NFL should be careful with calendar
League's offseason schedule works fine, so there's no reason to tear it up
NFL commissioner Roger Goodell's staff is going to take the next week to finalize a revised offseason schedule for 2014.
When it comes to pushing back the draft, I wish that time would be spent reconsidering the move long-term. If there is a long-term change, it's a mistake to push the draft back to May. The thought is to move the 2014 draft from April 25 to May 8 or May 15, the 2015 draft to May 7 and the 2016 draft to May 7.
The problem involving the draft is Radio City Music Hall, the draft's home for the past eight years. A scheduling conflict with Radio City is forcing the NFL to move back the 2014 draft, which is under the power of the commissioner and not a collectively bargained issue.
Radio City is scheduling an Easter event for next year that would last several weeks and is expected to be held the next couple of years as well.
Goodell said he doesn't see any choice but to move the 2014 draft back because it's so late to be seeking an alternate venue. I was reassured to see the league would consider moving subsequent drafts to another city if future solutions aren't found.
The problem is going to affect the coaches more than the fans. Fans would follow the draft if it were held in July. That's not the problem. The concern is preparation. Coaches in 2014 would have three fewer weeks to prepare rookies for training camp.
It's almost setting up a scenario in which many college coaches would be better suited to handle the NFL offseason than first-time NFL assistants. College coaches are accustomed to short preparation time. They have a limited number of spring practices and a short time before the start of the season to prepare the college players.
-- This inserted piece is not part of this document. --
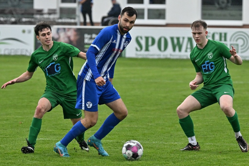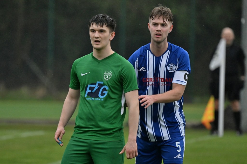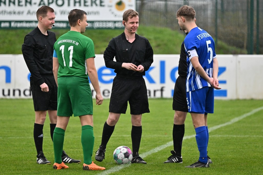 Dabei begann die Partie im Dauerregen auf tiefen Boden alles andere als vielversprechend für die Heimtruppe. Denn der BBC wirkte, auch ohne seinen Top-Torschützen Ron Hass, viel griffiger und war im Vorwärtsgang wesentlich gradliniger unterwegs. Ein Konter der Gäste über zwei Stationen, den Eric Stephan halbrechts am Strafraum per Flachschuss abschloss und dann klar neben den Kasten setzte, offenbarte schon ein paar Mängel in der Bernauer Defensivarbeit (2.). Ein Freistoß aus dem linken Halbfeld erreichte am langen Pfosten Gordon Strähnz, der gut postiert per Kopfball die nächste BBC-Möglichkeit hatte, aber ebenfalls das Tor verfehlte (12.). Die Konter der Gäste waren schon gefährlich, dies aber nur in der Entstehung und sehr zum Glück der Hausherren nicht im Resultat. Für das erste Bernauer Rauchzeichen benötigte das agierende Personal siebzehn Minuten. Ein schneller Angriff, den Philipp Pönisch mit strammem Schuss abschloss und dabei Gäste-Torsteher Max Kammann gleich mit in die Prüfung nahm, änderte so ein wenig die Kräfteverhältnisse (17.). Denn in der Folge nahm auch der FSV-Auftritt mehr und mehr Struktur an. In der 25. Minute lag die Heim-Führung in der Luft. Tassilo Mahnke machte sich auf der rechten Seite auf den Weg, um per Flanke seinen Kollegen Pönisch zu bedienen. Pönisch zog direkt ab und fand wiederum in Kammann, mit toller Parade, seinen Meister. Die nächste FSV-Chance war nicht minder von Gefährlichkeit geprägt. Miran Memishi zog einfach und ohne Ansatz aus der zweiten Reihe ab und bereitete Kammann leichte Unannehmlichkeiten, als der Ball an den linken Pfosten prallte und vom Keeper nicht so richtig kontrolliert werden konnte (27.). Obwohl die Partie vornehmlich umkämpft im Mittelfeld stattfand, kamen auch die Gäste sporadisch zu Kontermöglichkeiten. Matti-Maurice Herbst war derjenige, der zweimal auf die Reise geschickt wurde und damit immer wieder Feuerherde in den Abwehrreihen der Heimtruppe entflammte. In der ersten Situation überlupfte er den herauseilenden FSV-Schlussmann Hugo Paschen und kam nicht mehr ordentlich zum Abschluss. Nur wenige Sekunden später patzte Paschen wiederholt, als er sich beim Herauslaufen düpieren ließ und am Ball vorbeirutschte. Nutznießer dieses Fauxpas war BBC-Angreifer Dietrich Keller, der dann zu lange zögerte und somit Philipp Marcel Schmid die Möglichkeit gab, in letzter Not dazwischen zu grätschen (29.). Die Partie lebte nicht nur von der Spannung, sondern auch von der Qualität, die man getrost in die Kategorie „Gutes Landesligaspiel“ einordnen konnte. So schwappten die Spielanteile immer wieder hin und her. Christopher Prußok war der nächste Birkenwerderaner, der die Möglichkeit hatte, Zählbares auf die Anzeigetafel zu bringen. Schlussendlich war bei seinem Geschoss aus achtzehn Metern Huga Paschen im Wege, der glänzend reagierte (35.). Auch Pönisch war wieder mal dran. Er machte es auf der Gegenseite Prußok gleich, doch sein Schuss passierte knapp die Gehäuseoberkannte und wurde dadurch nur zum Gäste-Abstoß (37.).

Look at the problems in 2014. Coaches would have a little less than a month to coach up the rookies. Under the current rules, rookie minicamps can be held during the first two weeks in May.
A May 15 draft would all but eliminate the rookie minicamps. Rookies would have to report to the OTAs and learn the playbook in a couple of weeks. Many of the final minicamps are held during the first two weeks in June, with a few going into the third week.
But by June 20, teams shut down for a month.
The other problem would be the schools in the Pac-12 or those that are on the quarter system, whose players can't take part in offseason workouts until their classes graduate.
Except for the problems with Radio City Music Hall, nothing is broken with the offseason schedule. The combine toward the end of February is working well because prospects are running their 40s and doing their workouts, limiting the need for coaches and scouts to travel across the country grabbing times with their stopwatches.
If you move the combine back, it could interfere with players being available for their pro days in college. At least for now, the combine is held before those pro days, so there aren't any conflicts.
Goodell confirmed he will continue talks with the NFL Players Association about moving up the start of free agency to before the combine. That's not as much of a big deal except it puts more pressure on general managers and will particularly make it tougher on the Super Bowl teams.
Within a couple weeks of the Super Bowl, teams will have to make their free-agent moves. There may be plenty of tired GMs and coaches making rash decisions.
Radio City's scheduling conflicts shouldn't force the NFL to change a successful system. The draft continues to grow as far as ratings and interest. It helps to hold the draft in New York because of the fan interest and proximity to the league office.
But if an Easter event is causing a long-term change, the NFL needs to find the right venue for the draft in New York or someplace else.